** Data extract follows **

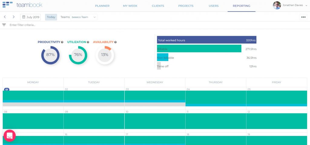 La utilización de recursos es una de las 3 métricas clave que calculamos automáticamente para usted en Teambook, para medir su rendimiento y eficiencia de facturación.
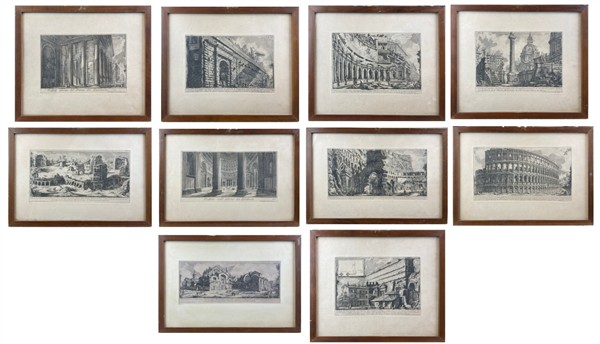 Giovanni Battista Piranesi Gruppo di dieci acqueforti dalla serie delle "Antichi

** End of Data extract **
** Data extract follows **

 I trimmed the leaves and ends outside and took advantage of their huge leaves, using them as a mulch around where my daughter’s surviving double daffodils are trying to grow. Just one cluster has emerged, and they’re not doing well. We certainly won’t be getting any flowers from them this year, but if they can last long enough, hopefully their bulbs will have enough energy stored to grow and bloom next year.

** End of Data extract **

> Activity:
Going by the entries above, repeat exactly the lines that start at the line with "La utilización de" and go on through the line with "Giovanni Battista Piranesi". Pictures are not part of the copy.

> Solved problem:
 La utilización de recursos es una de las 3 métricas clave que calculamos automáticamente para usted en Teambook, para medir su rendimiento y eficiencia de facturación.
 Giovanni Battista Piranesi Gruppo di dieci acqueforti dalla serie delle "Antichi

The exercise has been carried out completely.